Text Classification in the Turkish Marketing Domain for Context Sensitive Ad Distribution

Engin M., Can T.

24th International Symposium on Computer and Information Sciences, Güzelyurt, Kıbrıs (Kktc), 14 - 16 Eylül 2009, ss.105-110, (Tam Metin Bildiri)

Yayın Türü: Bildiri / Tam Metin Bildiri
Doi Numarası: 10.1109/iscis.2009.5291861
Basıldığı Şehir: Güzelyurt
Basıldığı Ülke: Kıbrıs (Kktc)
Sayfa Sayıları: ss.105-110
Anahtar Kelimeler: Text Classification, Data Mining, Machine Learning, Artificial Intelligence, Information Retrieval, World Wide Web
Orta Doğu Teknik Üniversitesi Adresli: Evet

Özet

In this paper, we construct and compare several feature extraction approaches in order to find a better solution for classification of Turkish web documents in the marketing domain.
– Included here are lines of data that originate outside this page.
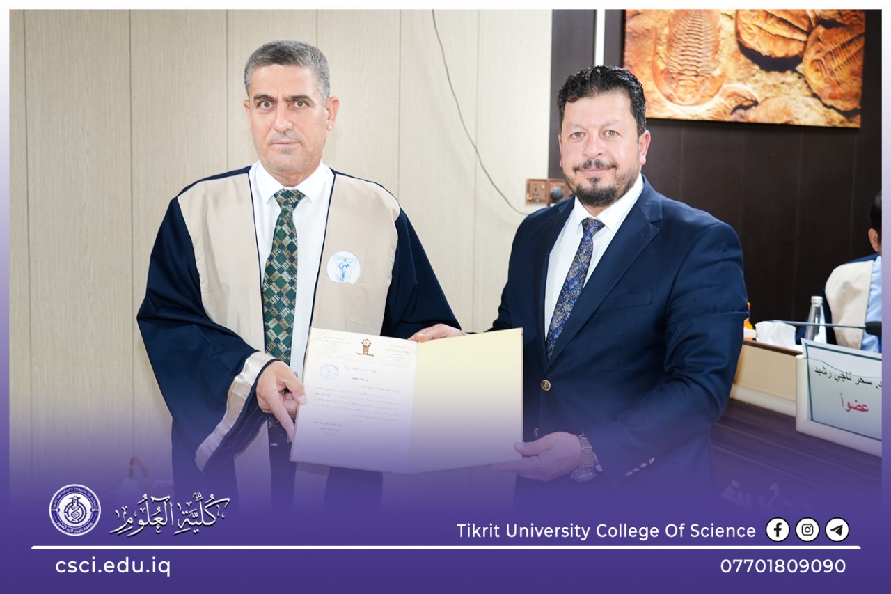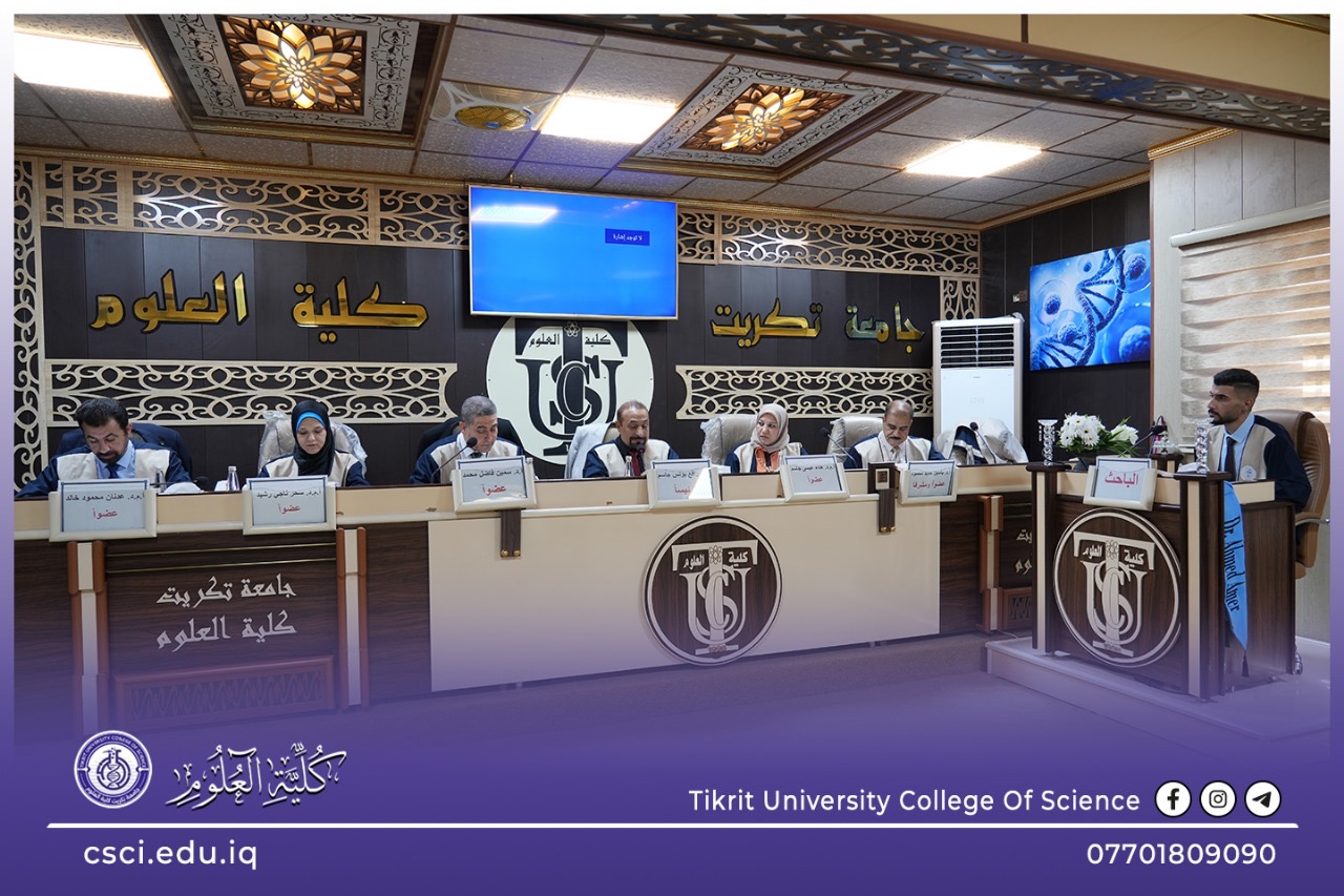 نوقشت في كلية العلوم قسم الفيزياء اطروحة الدكتوراه (تصميم وتصنيع منظومة شمسية لتحلية المياه ودراسة خصائصها) للباحث (احمد عامر رجب)
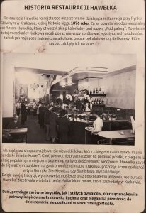 Hawełka to nie tylko jedzenie, to także osobliwe wnętrze. Sień przy wejściu zdobią piękne witraże, a sala na piętrze, zwana „Tetmajerowską”, ozdobiona jest malowidłami tegoż artysty.
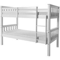 Save space in your bedroom or spare room with the Porto Pine Bunk Bed. This bunk has a simple and classic design with a white painted finish and slatted headboard and footend that will look beautiful in any room. Sleeping up to two children or adults, this compact bunk is perfect for shared rooms to allow more floorspace or to provide an extra bed for sleepovers. Crafted from solid pine wood this bunk is very sturdy and will withstand plenty of use. The bunk has a fixed ladder with wide steps for safety...
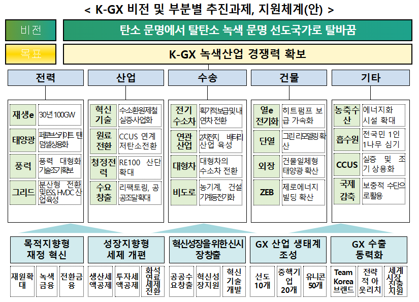 한편, 정부는 2035 NDC 수립의 후속 조치로 태양광, 풍력, 전력망, ESS 등 녹색산업 육성을 위한 세부 추진 과제를 담은 K-GX(녹색전환) 정책안을 관계 부처, 산업계 등과 함께 내년 상반기까지 수립할 것이라고 밝혔다. 철강 부문에선 수소환원제철기술 실증 및 사업화가 포함될 예정이다.
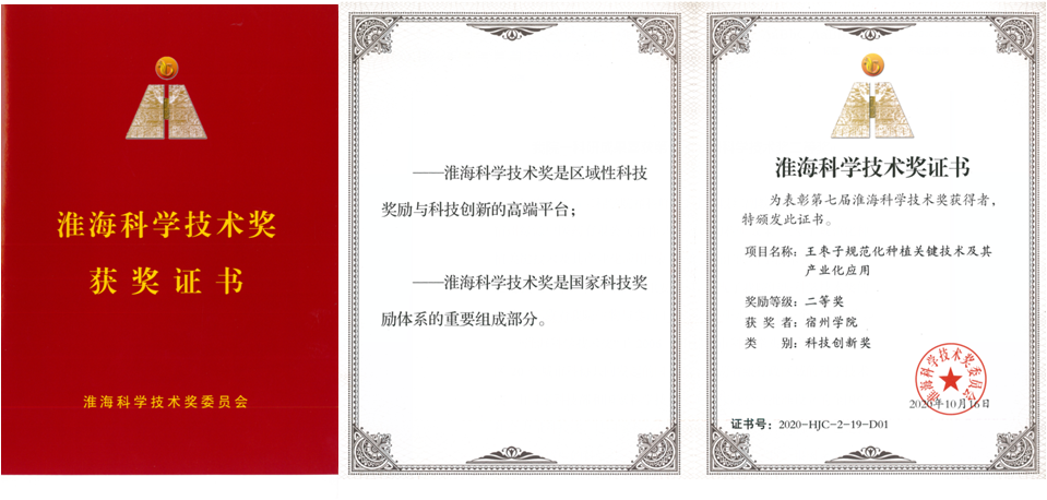 由生物与食品工程学院翟科峰副教授、段红副教授、曹稳根教授和宿州绿源中医药有限公司合作共同完成的科研成果“王枣子规范化种植关键技术及其产业化应用”荣获“第七届淮海科学技术奖”二等奖,这是我校产学研合作中又一重要成果,实现了学校淮海科学技术奖的突破,标致着我校生物与食品工程学院科研水平又上一个新的台阶。
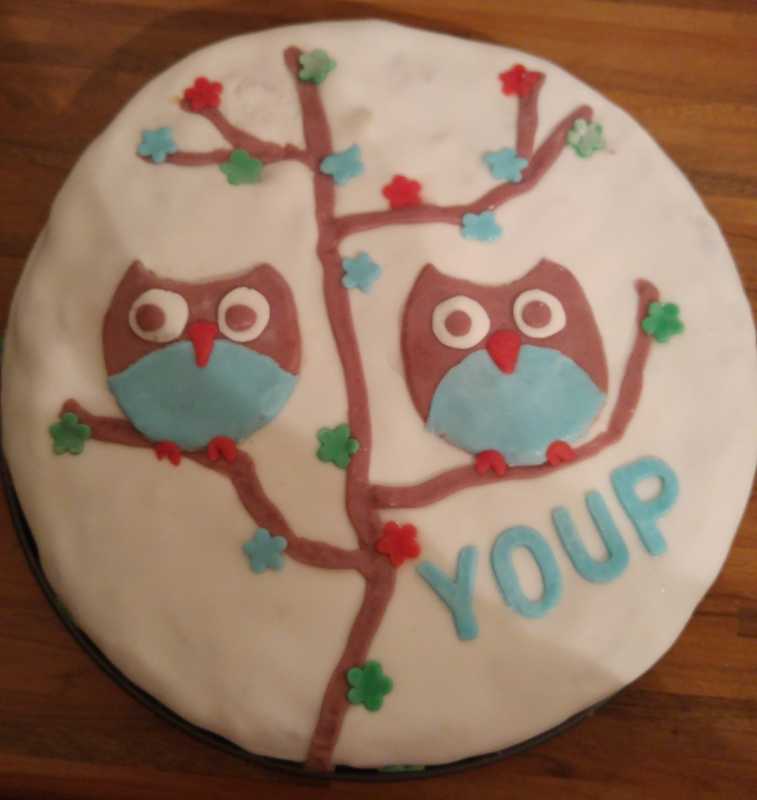 26 april: Vanavond hebben we even een proeftaart gebakken om te kijken hoe het zou uitpakken om er een mooie taart met marsepein van te maken. Het is prima gelukt allemaal, dus we hebben er vertrouwen in dat het met Youp zijn verjaardag helemaal goed gaat komen.
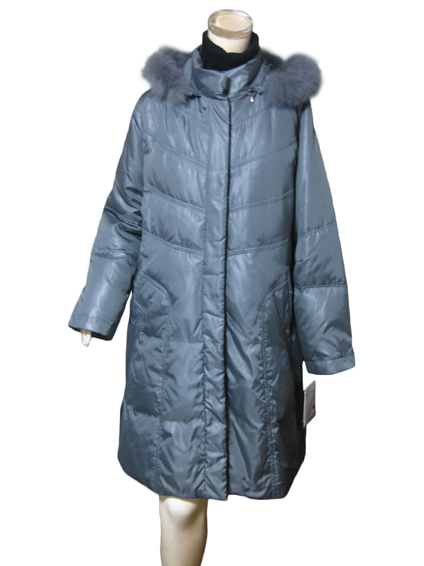 | 素材 | (本体)ポリエステル100% (リブ部分)アクリル 100% (裏地)ポリエステル100% (ファー部分)ブルーフォックス (詰物)ダウン70% フェザー30% (中綿:前立て・ポケット口部分)ポリエステル100% |

We produce our feature extraction techniques using characteristics of the Turkish language, structures of web documents and online content in the marketing domain. We form datasets in different feature spaces and we apply several Support Vector Machine (SVM) configurations on these datasets. We conduct our study considering the performance needs of practical context sensitive systems. Our results show that linear kernel classifiers achieve the best performance in terms of accuracy and speed on text documents expressed as keyword root features.